I thought it was a good idea to show them twice, and people would be satisfied to do them in one second.
After this pedagogical section, there are two unintentional repeats that I should have definitely removed, though. The first is probably the one you experienced; it was supposed to be a tree, but it ended up being just one path.
I believe it starts to get real after level 20, and the more you advance, the more you get difficult classes of graph and difficult instances of them. But I admit it is not as linear as it should be, and I can understand it sounds like a 500-episode anime that gets 'real good at the second arc, I promise' :grin:!
I will probably rework this for a final version and try to improve the UI.
Oh boy. Math... Lol this was pretty punishing and I still don't fully grasp it but I did enjoy the graphics and polish. The math concept from my perspective was niche enough to have a more deliberate tutorial to understand why things work without allowing me to progress till i TRULY understand. And 120 levels is just too much and beyond necessary. Focus on making ONE solid tutorial level to express the concept of your puzzle theory. then have a reasonable amount of purposely designed puzzles that ramp up the abstraction of the theory nailed down in your tutorial, maybe introducing new concept layers as you go! My brain hurts and i feel now that I don't know Math. Maybe - I never knew...
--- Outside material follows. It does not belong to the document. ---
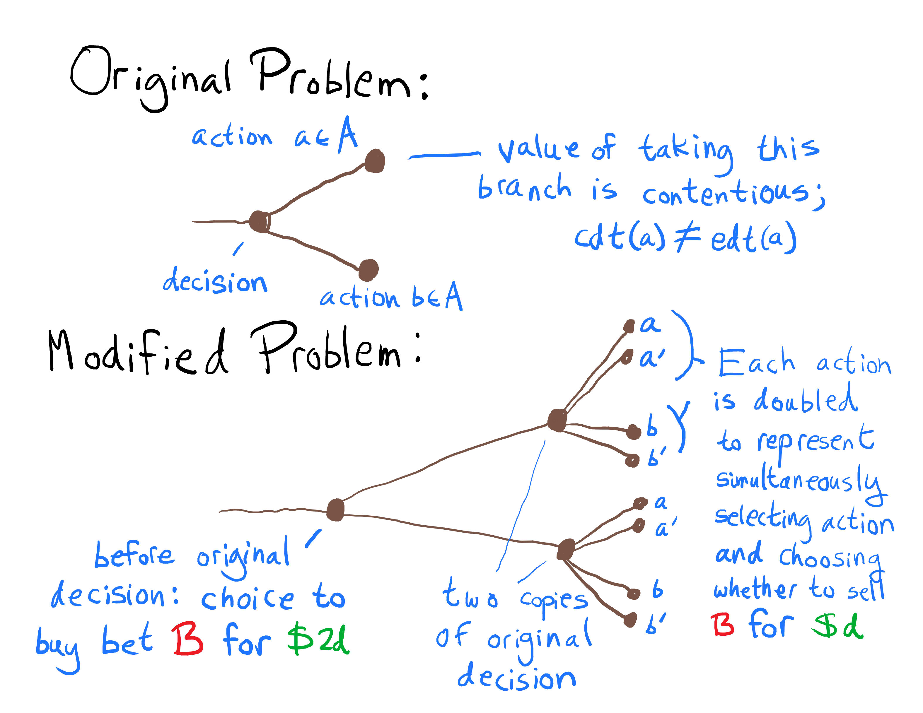Anyway, as I was saying, we wish to take the decision problem which produces the disagreement between edt(a) and cdt(a), and from it, produce a new decision problem which is a Dutch book.
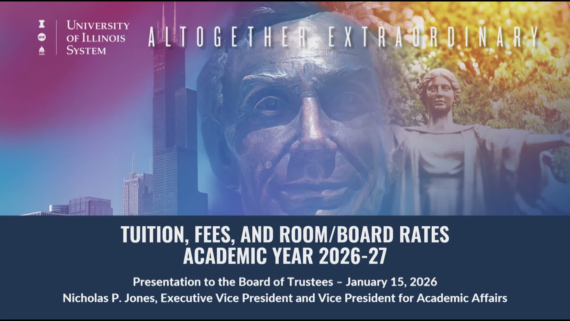 The University of Illinois Board of Trustees approved tuition, student-fee and residence-hall rate recommendations for academic year 2026–27 after a detailed presentation by Vice President Nicholas Jones.

[Thanks for submitting your game to stream!](https://www.twitch.tv/videos/2756861534?t=01h17m05s)
And also thanks for giving me PTSD flashbacks from my Discrete Math days :laughing:
Really clean and polished!
Dropping a long over due comment here. Really appreciate you giving me the opportunity to play this game [on stream.](https://www.youtube.com/live/KSYoPmFIwTA?si=ceXwi0jIFB8YmYXe&t=11456)
My thoughts are shared in the VOD. Hope we see you back for LD60. ✌
Super cool idea for a game. I really enjoyed it, especially the presentation. It felt so slick. Wish I could rate it for the audio too since it really added to it. Simple and elegant.